*** Available data Section Begins ***

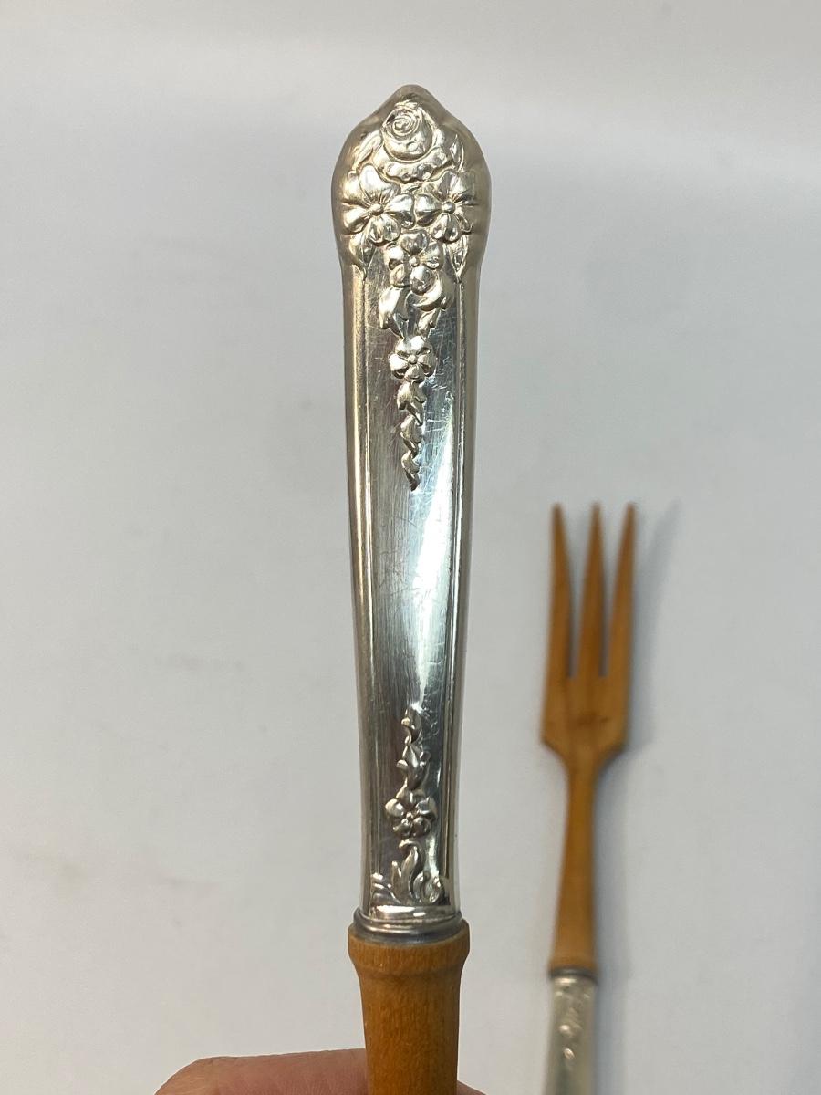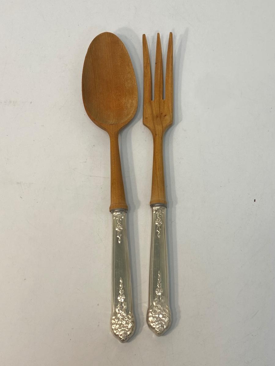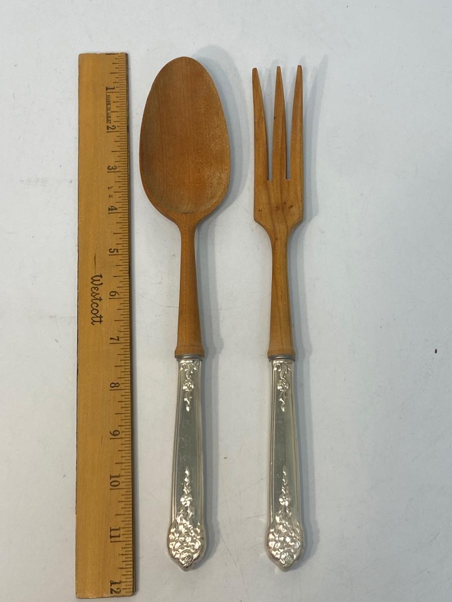 Vintage Wood and Silver Plate Serving Utensils Salad Tongs
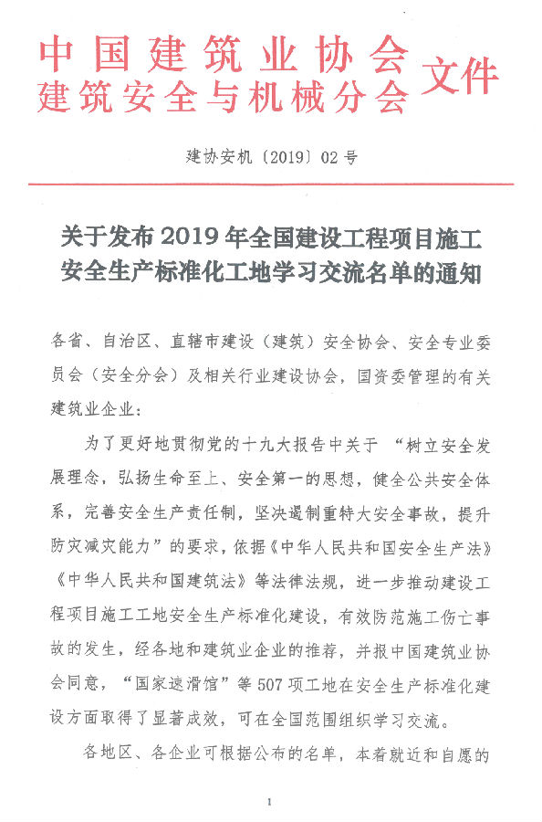 - 鳳凰縣新區(qū)綜合醫(yī)院項(xiàng)目榮獲《2019年全國建設(shè)工程項(xiàng)目施工安全生產(chǎn)標(biāo)準(zhǔn)化工地》
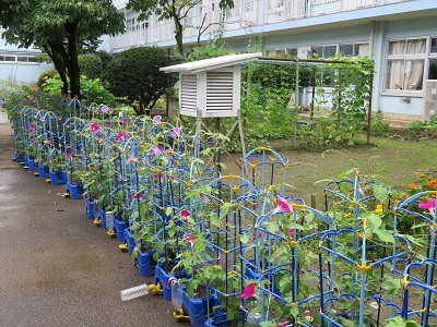 こちらは、中庭ではありませんが、3年生が育てているマリーゴールドとホウセンカです。

*** Available data Section Ends ***

■ **Exercise goal**
Give back each line above verbatim, dropping every picture.

■ **Completed exercise**
 Vintage Wood and Silver Plate Serving Utensils Salad Tongs
 - 鳳凰縣新區(qū)綜合醫(yī)院項(xiàng)目榮獲《2019年全國建設(shè)工程項(xiàng)目施工安全生產(chǎn)標(biāo)準(zhǔn)化工地》
 こちらは、中庭ではありませんが、3年生が育てているマリーゴールドとホウセンカです。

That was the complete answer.